David Trimboli ([email protected]) [KLI Member] [Hol po'wI']



From: "david fourman" <[email protected]>

>   I thought of another way of stating the question and I want to know if
it
> is valid grammar.  Could you say "Dargh'e' nuq DaneH?" -- as for the tea,
> what do you want?  This is basically a compound sentence involving two
> statements.  Or following the reasoning of 'ar, Dargh 'ar weghaj, would it
> not follow that one could say Dargh nuq wighaj? -- what tea do we have.

Dargh'e' nuq DaneH?
As for tea, what do you want?

What you have here isn't two statements, it's a single statement with the
following elements: a topic, a question pronoun as the object, and a verb.

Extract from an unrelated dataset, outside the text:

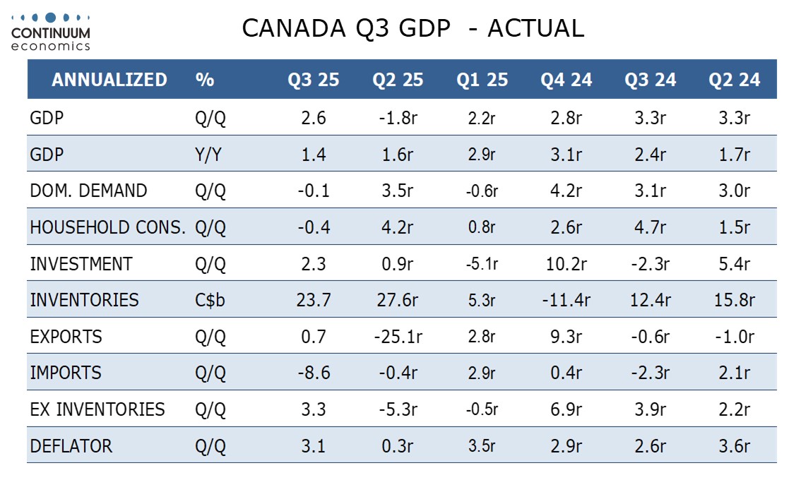 Canada’s 2.6% annualized increase in Q3 GDP id sharply higher than expected though the surprise comes largely from a sharp fall in imports. Domestic demand was almost unchanged with a 0.1% annualized decline. September GDP grew by 0.2% on the month, but the preliminary estimate for October is weak, with a 0.3% decline.

Your sentence is indeed grammatical.  I also accept it as a valid way of
saying, "What kind of tea do you want?"  It might be a little vague: are you
asking whether I want tea, or what kind tea, or what do I want to do with
the tea?  However, we need only look at phrases like, {wa' yIHoH!
jISaHbe'.} "Kill one of them.  I don't care which" (Star Trek III), to
realize that this happens sometimes.

==

Dargh 'ar wIghaj
How many teas do we have?

{'ar} is a special word that follows its own rules.  Either it follows a
singular noun to ask how many or how much of that noun ({nIn 'ar wIghaj}
"How much fuel do we have?"), or it is used alone, possibly as Clipped
Klingon, to ask, "How much?"

{nuq} and the other question words do not act like {'ar}.  {nuq} and {'Iv}
act just like most other pronouns.  They do not modify nouns, they stand in
for nouns.  {'ar} does not stand in for nouns.  (It is unclear whether a
question word can stand in as part of a noun-noun construction.)  {Dargh
nuq} does not mean "what tea?"  As a noun phrase, it doesn't mean anything
at all, unless it's "the tea of what?"